Но если Вы бы знали, чего это будет мне стоить! Разумеется, ничего сегодня не делал. Ах, господи, когда ж можно будет успокоиться! До завтра, дорогой друг; надеюсь, что-нибудь решу. La nuit porte conseil [Утро вечера мудренее.].

Ваш П. Чайковский.

Р. S. Я сейчас перечел письмо Бутовского (председателя комитета) nquestionnaire [анкету], приложенный к письму. В этом questionnaire изложены вопросы, которые предстоит разрешить музыкальному комитету, который будет заседать 10 – 18 января. В письме сказано:

“К сему долгом считаю присовокупить, что, вследствие значительности издержек, вызванных участием России в Парижской выставке, было бы весьма желательно избегать новых значительных ассигнований”. Следовательно, правительство не возьмет, например, на себя довезти до Парижа целую труппу, чтобы устроить русскую оперу или оркестр, чтобы составить концерты из русских произведений. Теперь я Вам сообщу вкратце, из чего состоит questionnaire.

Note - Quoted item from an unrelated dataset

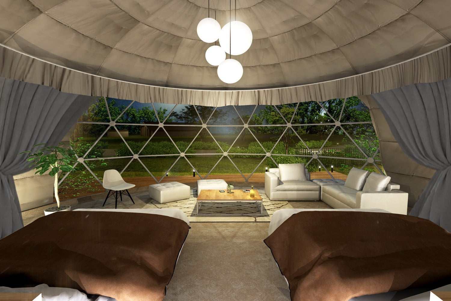 最新のドームテントでは、冷暖房完備で1年を通して快適にお過ごしいただけます。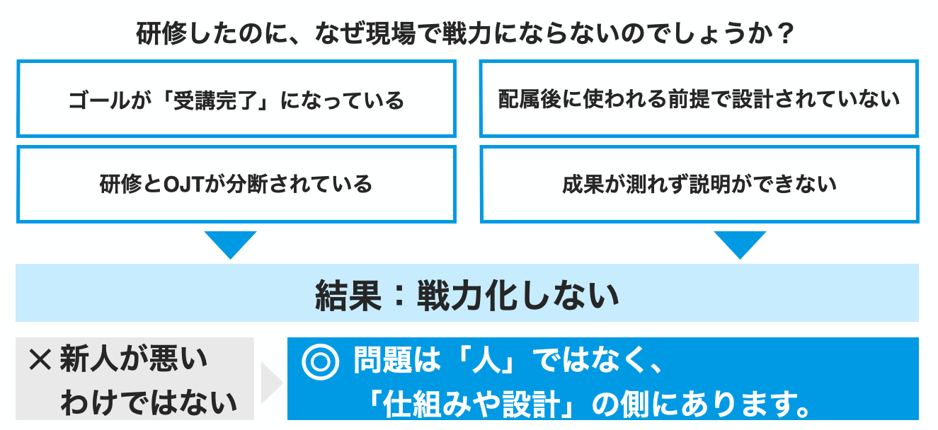 そもそも研修を受けたはずなのに新人が戦力にならないのは、研修の内容でなくその設計に構造的な問題があるからです。

1) Какой русский оркестр может явиться на Парижскую выставку? 2) Сколько он даст концертов? 3) Какие русские хоровые общества явятся на состязание? 4) Какие квартетные общества желают участвовать в таковом же состязании? 5) Какие национальные песенные общества могут явиться? 6) Возьмет ли на себя расходы на их путешествие и содержание комитет выставки? 7) Имеются ли исторические документы о национальной музыке? 8) Какие русские органисты (?) приедут на выставку? – На все эти вопросы, за исключением 6-го, мне очень трудно отвечать после трехмесячного отсутствия из России. О, если б я сейчас же мог узнать Ваше мнение! Ваш совет или совет брата мог бы меня вывести из затруднения.

Ваш П. Ч.


70. Чайковский – Мекк

San Remo,

23 декабря 1877 г./4 января 1878 г.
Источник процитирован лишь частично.